_AVAILABLE DATA_
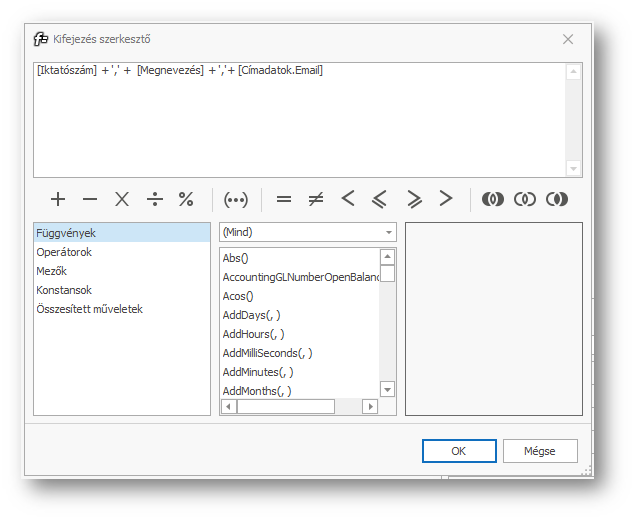 | Kifejezés: | A megnyíló kifejezés szerkesztő ablakban tudjuk megadni a feltételt a kereső mezőre. |
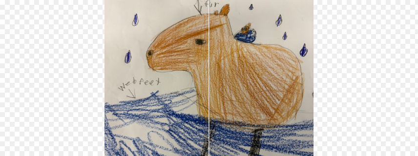 Capybaras live in the rainforest. They live partly on land and partly on water. They have long teeth and they eat grass and water plants. They have webbed feet to help them swim.
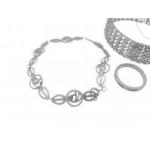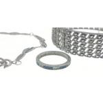 A mixed lot of jewellery to include a STERLING stamped UNUSUAL silver bracelet 8.25g approx with also a .diamente studded snap-shut bracelet with safety chain 6.5cm diameter approx with a 'white metal ring surrounded with blue stones'
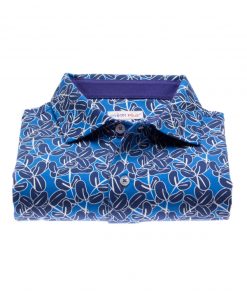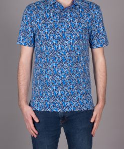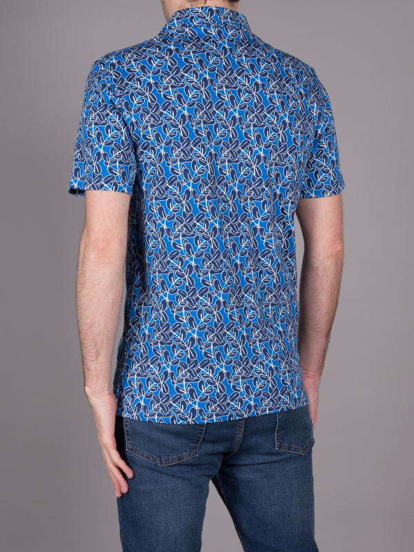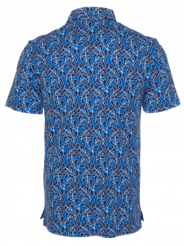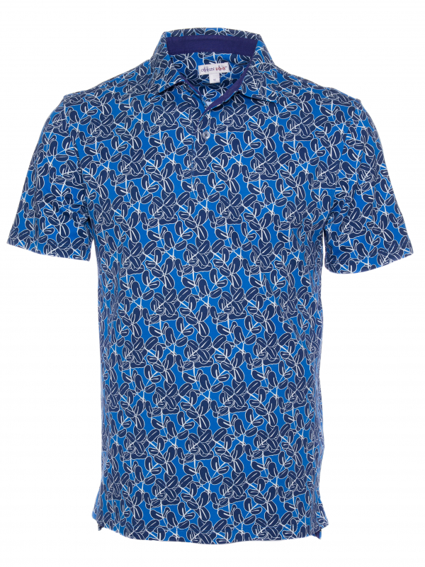 Looking for a blue polo shirt but tired of plain colors? This model with its regular fit and leaf print should be a perfect compromise! Its two-button placket will give you the choice between casualness and elegance. Its cotton piqué collar and its shades will be easy to wear with a navy chino. In cotton jersey for a lightweight effect!

_HOW TO COMPLETE THIS TASK_
Give the lines from the one containing "Capybaras live in" through the last line of the material again, exactly and with no pictures, both ends included.

_THE ANSWER_
 Capybaras live in the rainforest. They live partly on land and partly on water. They have long teeth and they eat grass and water plants. They have webbed feet to help them swim.
 A mixed lot of jewellery to include a STERLING stamped UNUSUAL silver bracelet 8.25g approx with also a .diamente studded snap-shut bracelet with safety chain 6.5cm diameter approx with a 'white metal ring surrounded with blue stones'
 Looking for a blue polo shirt but tired of plain colors? This model with its regular fit and leaf print should be a perfect compromise! Its two-button placket will give you the choice between casualness and elegance. Its cotton piqué collar and its shades will be easy to wear with a navy chino. In cotton jersey for a lightweight effect!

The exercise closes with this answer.